My farm is named for the glorious second round of color that we get each year.  The maples, aspen and birches have their blaze of color here near the end of September each year.  Things might be pretty colorless and dismal after that, but we are blessed with the golden hue that the tamaracks (larches) take on a couple weeks later.  Sunshine is rare and eagerly anticipated during this time and when it does shine the golden tamaracks are so bright they are hard to look at.  I put on my sunglasses and gaze away!Image

This photo shows the tamaracks in all their glory.  The foreground includes the sheep fellas on the farm.  The tall dark and handsome guy is Hemlock.  He arrived here from Hidden Valley Farm back in early September.  He will be meeting our ewes Hoglah, Mahlah, Noah, Micah and Tirzah in just a couple weeks.  We’re looking for May lambs so they can comfortably be born and raised on pasture.
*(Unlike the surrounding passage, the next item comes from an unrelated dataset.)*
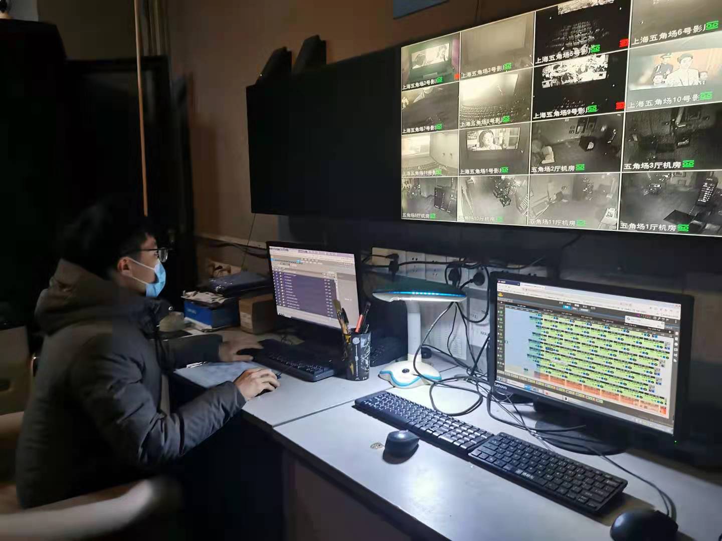 记者采访时就发现,小江工作台上一共有三个屏幕,最大的屏幕上是他所在的五角场万达影院的12个影厅的放映情况,而另外两台电脑上则实时显示着金虹桥和宝乐汇17个影厅的放映情况,加起来近30个放映厅,需要小江一人线上线下同时监控。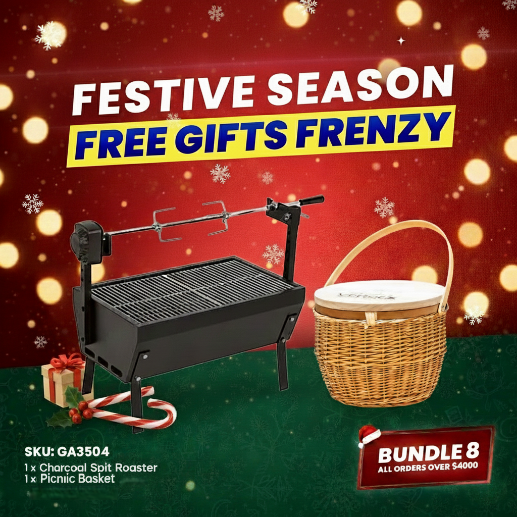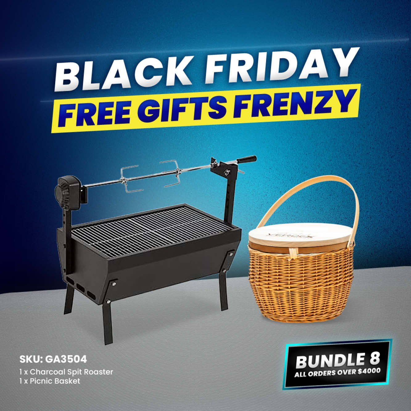 Includes: Verdex Charcoal Spit Roaster + Verdex Picnic Basket

As I write this, tonight, we’re in a deep freeze.  I think we had a high of 12 or 13 degrees Fahrenheit today.  And we have 6″ or so of snow on the ground.  Winter is definitely here in a big way.  We did get a good dose of that blessed sunshine today, though.  Lovely to look at from inside, but I did stick my nose out a few times to keep all the critters fed and watered.